Beef star David Choe attempts to scrub Twitter of podcast clip in which he admits to "rapey behavior"
David Choe says that the repeatedly resurfacing segment on his defunct podcast, DVDASA, was a joke
As Netflix’s buzzy new “Spy vs. Spy” riff Beef sits at the top of Netflix’s charts, star David Choe finds himself using copyright to clean the internet of a widely shared clip in which he admits to “rapey behavior.” After the clip hit Twitter last week, Motherboard reports that Choe, who plays Isaak, the cousin of Steve Yuen’s character on Beef, has used copyright takedowns to scrub the internet of the clip. As this clip has been a repeated source of controversy in Choe’s life, he’s made numerous statements apologizing for the episode, saying he made comments in edgelord jest and they did not reflect his actions.
The clip comes from a 2014 episode of Choe’s now-defunct podcast DVDASA (Double Vag, Double Anal, Sensitive Artist) entitled “Erection Quest,” which probably tells us everything we need to know about the type of humor the show dealt in. In the clip, Choe tells his co-host and adult film actor Asa Akira about the time he forced oral sex from a masseuse at a massage parlor.
“I’m getting turned on just telling this story,” he says. “I just take her hand and I put it on my dick. She just holds it there.”
“She’s in denial,” he continues. “So I go, ‘Can I help you?’ And she’s like, ‘All right, all right.’ So now I’m holding her hand around my dick, and I start jerking my dick off. I was like, ‘Spit on it.’ She’s like, ‘Uhh, no. I don’t wanna do that.’ I was like, ‘No, spit on my dick.’ She’s like, ‘No. This is crazy.’ She’s definitely not into it, but she’s not stopping it either. She won’t spit on it, so I was like, ‘Kiss it.’ She’s like ‘No, there’s all the oil.’”

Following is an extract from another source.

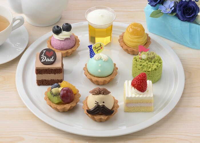 「父の日セレクション(9個入)」は、ゴルフにビールといったお父さんの好きなものをデザインしたプチケーキの詰め合わせです。お父さんをモチーフにしたケーキや、彩りのよい季節のフルーツを使ったケーキがそろいました。9個それぞれ個性的なデザインや味わいが楽しめるので、家族みんなで盛り上がれそうです。

“I take the back of her head and I push it down on my dick, and she doesn’t do it, and I go, ‘Open your mouth,’ and she does it, and then I start face-fucking her.”
“You’re basically telling us that you’re a rapist right now, and the only way to get your dick hard is rape,” Akira said.
“Yeah,” Choe said. “I just want to make it clear that I admit that that’s rapey behavior, but I’m not a rapist.”
The clip has already created controversy for Choe, who apologized on Instagram for the story in 2017.
He also apologized for the story in 2014, releasing a statement claiming the show is a “complete extension of [his] art.” He continued:
I never thought I’d wake up one late afternoon and hear myself called a rapist. It sucks. Especially because I am not one. I am not a rapist. I hate rapists, I think rapists should be raped and murdered.
I am an artist and a storyteller and I view my show DVDASA as a complete extension of my art.
If I am guilty of anything, it’s bad storytelling in the style of douche. Just like many of my paintings are often misinterpreted, the same goes with my show. The main objective of all of my podcasts is to challenge and provoke my friends and the co-stars on the show. We fuck with each other, entertain ourselves and laugh at each other. It’s a dark, tasteless, completely irreverent show where we fuck with everyone listening, but mostly ourselves. We create stories and tell tales. It’s not a news show. It’s not a representation of my reality. It’s not the place to come for reliable information about me or my life. It’s my version of reality, it’s art that sometimes offends people. I’m sorry if anyone believed that the stories were fact. They were not!
In a world full of horrible people, thank god for us.
While none of this is particularly a good look for the hit show, ending an apology for really grotesque comments about rape with “thank god for us” is certainly a choice. Unfortunately, the rest of the statement is pretty awful, too. Luckily, it seems like he has another chance to say he’s sorry now that he’s on a very popular television show.